Permasalahannya bukan masalah bahasa Vickynisasi itu benar atau salah, nona
dunia itu patut ditolak atau tidak, atau tentang siapa paling bersalah dalam
kecelakaan tersebut, bukan itu yang menjadi masalah besar. Namun apa sebenarnya
yang membuat kita tergopoh-gopoh untuk turut serta dalam kehebohan tanpa
memiliki pemahaman utuh. Ibarat orang baru belajar mengaji, ia akan sering
sekali untuk menyuarakan apa yang ia kaji. Seperti euforia seorang aktivis yang
akan bersemangat , berorasi , tentang apa yang baru didapatnya.
Reaksioner. Latah. Memiliki definisi sebagai sebuah peniruan
spontan yang muncul karena keterkejutan. Secara medis, latah memiliki dimensi gangguan fungsi pusat syaraf, psi-kologis, dan
sosial. Ada empat macam latah yang bisa dilihat berdasarkan gejala-gejala
tersebut, yaitu ekolalia (mengulangi perkataan orang lain), ekopraksia (meniru
gerakan orang lain), koprolalia (mengucapkan kata-kata yang dianggap
tabu/kotor), automatic obedience (melaksanakan perintah secara spontan pada
saat terkejut). Berdasarkan fakta yang ada, gangguan latah biasanya tumbuh
dalam masyarakat terbelakang yang menerapkan budaya otoriter. Hasil kajian yang
dilakukan, mereka bersependapat untuk mengkelaskan latah sebagai satu sindrom
budaya masyarakat setempat.
Latah
sebagai sebuah budaya. Ya, jangan –jangan kita saat ini ada di era mudah latah.

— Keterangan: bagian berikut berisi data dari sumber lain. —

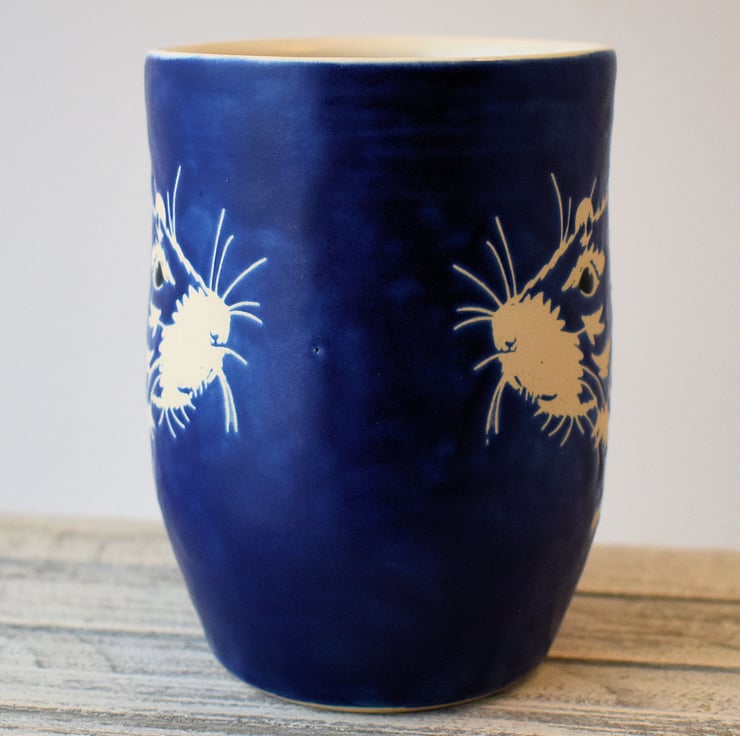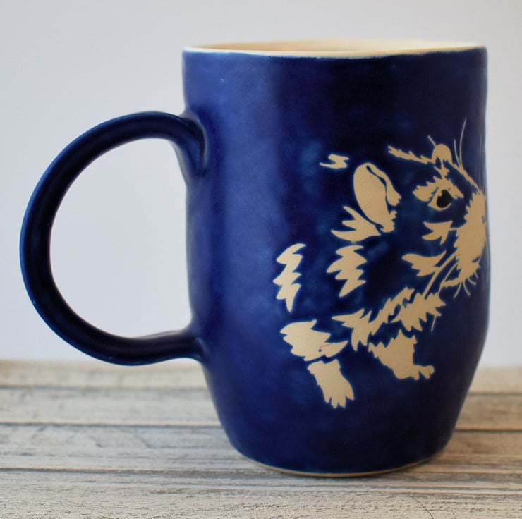 A mug thrown on the wheel, standing approximately 11.5cm tall. It is decorated with a pet rat design on each side, stencilled into a mid blue glaze to leave the image in the natural colour of the clay.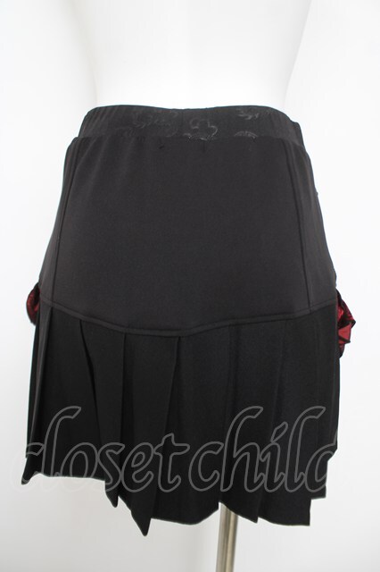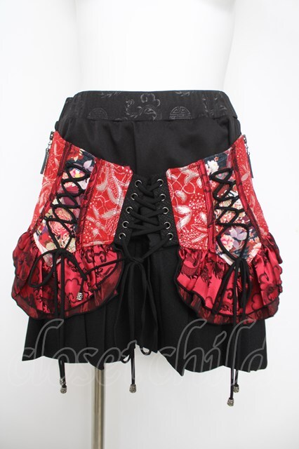 Qutie Frash / 和柄コルセット風プリーツスカート 黒×赤 Y-26-04-15-109-QU-SK-SZ-ZY [2100070000041362-Y-26-04-15-109-QU-SK-SZ-ZY]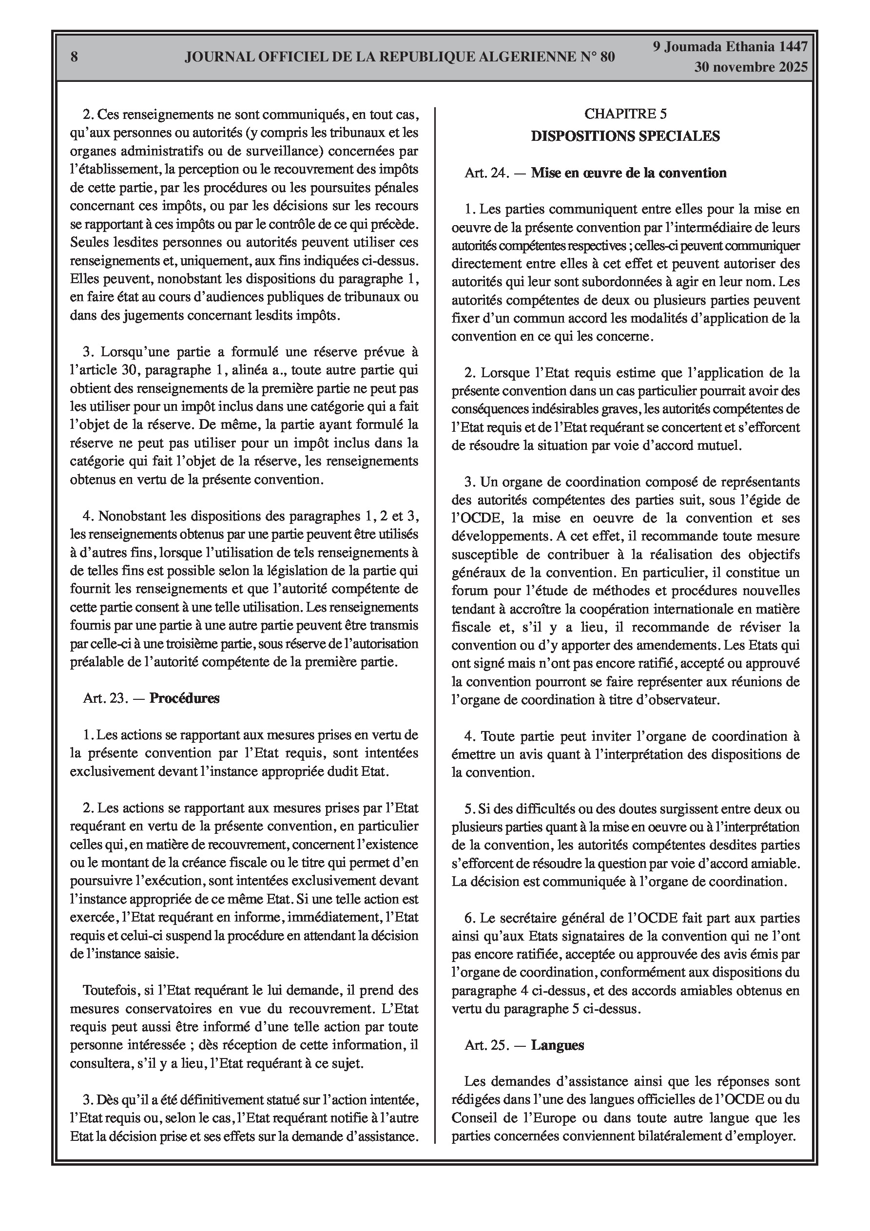 L'Algérie ratifie la convention concernant l'assistance administrative mutuelle en matière fiscale (Conseil de l'Europe/OCDE) pour renforcer la transparence.
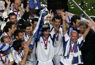 中新網(wǎng)7月5日電 在北京時(shí)間今天(5日)凌晨結(jié)束的2004年歐洲足球錦標(biāo)賽決賽中,希臘隊(duì)?wèi){借前鋒查里斯特亞斯的入球以1:0擊敗東道主葡萄牙隊(duì)奪得冠軍。

Semakin derasnya informasi membuat kita mudah terkejut. Bangun pagi, melihat
berita kecelakaan anak artis kita terkejut, melihat berita perang kita
terkejut. Apalagi ketika arus informasi ini tidak diimbangi oleh nalar untuk
melakukan verifikasi. Lagi-lagi urusannya dengan media literasi alias melek
media. Smartphone yang tidak
digunakan dengan smart. Asal broadcast sana-sini, boro-boro mengecek
kebenaran berita, asal heboh dan “sepertinya” benar, maka kita ingin menjadi
bagian untuk menyebarkannya. Kecepatan mengalahkan keakuratan. Keterkejutan
mengalahkan akal sehat. Teringat sebuah pesan kearifan dalam budaya luhur orang
jawa : Ojo dumeh, Ojo gumunan , Ojo
kagetan. Mungkin kita perlu belajar untuk itu, minimal untuk tidak kagetan.